Charles Spurgeon, Lectures To My Students, 264.

It looks like all the fuss the Intoleristas are making about Doug Wilson is creating a similar type of phenomena here in Moscow. 🙂

True Happiness

The true Christian is the only happy man, because he has sources of happiness entirely independent of his world. He has something which cannot be affected by sickness and by deaths, by private losses and by public calamities, the “peace of God, which passeth all understanding.” He has a hope laid up for him in heaven ; he has a treasure which moth and rust cannot corrupt ; he has a house which can never be taken down. His loving wife may die, and his heart feel rent in twain ; his darling children may be taken from him, and he may be left alone in this cold world ; his earthly plans may be crossed ; his health may fail: but all this time he has a portion which nothing can hurt. He has one Friend who never dies ; he has possessions beyond the grave, of which nothing can deprive him: his nether spring may fail, but his upper springs are never dry. This is real happiness.
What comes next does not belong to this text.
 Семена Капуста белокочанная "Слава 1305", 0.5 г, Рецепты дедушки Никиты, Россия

J.C. Ryle, Practical Religion, 250.

Happiness and Work

The most miserable creature on earth is the man who has nothing to do. Work for the hands or work for the head is absolutely essential to human happiness. Without it the mind feeds upon itself, and the whole inward man becomes diseased. The machinery within will work, and without something to work upon, will often wear itself to pieces.
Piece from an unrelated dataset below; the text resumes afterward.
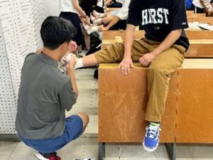 話を聞いた後、生徒同士でペアになり、お互いの足に捻挫予防のテーピングを行いました。そして巻いた後で足を動かして、テーピングの出来栄えをチェックしてもらいました。

J.C. Ryle, Practical Religion, 239.

Heidelberg # 81

Who ought to come to the table of the Lord?

Those who are displeased with themselves for their sins, and who nevertheless trust that these sins have been forgiven them and that their remaining weakness is covered by the passion and death of Christ, and who also desire more and more to strengthen their faith and improve their life. The impenitent and hypocrites, however, eat and drink judgment to themselves.

Mock On, Voltaire, Rousseau

Mock on, mock on, Voltaire, Rousseau;
Mock on, mock on, ‘Tis all in vain.
You throw the sand against the wind,
And the wind blows it back again.

And every sand becomes a Gem
Reglected in the beams divine;
Blown back, they blind the mocking Eye,
But still in Israel’s paths they shine.

The Atoms of Democritus
And Newton’s Particles of light
Are sands upon the Red sea shore,
Where Israel’s tents do shine so bright.

-William Blake

Approval of the Body

Christianity is almost the only one of the great religions which thoroughly approves of the body–which believes that matter is good, that God Himself once took on a human body, that some kind of body is going to be given to us even in Heaven and is going to be an essential part of our happiness, or beauty and our energy. Christianity has glorified marriage more than any other religion: and nearly all the greatest love poetry in the world has been produced by Christians.

C.S. Lewis, Mere Christianity, ch. 5

Believing on Authority

Ninety-nine per cent of the things you believe are believed on authority. I believe there is such a place as New York. I have not seen it myself. I could not prove by abstract reasoning that there must be such a place. I believe it because reliable people have told me so.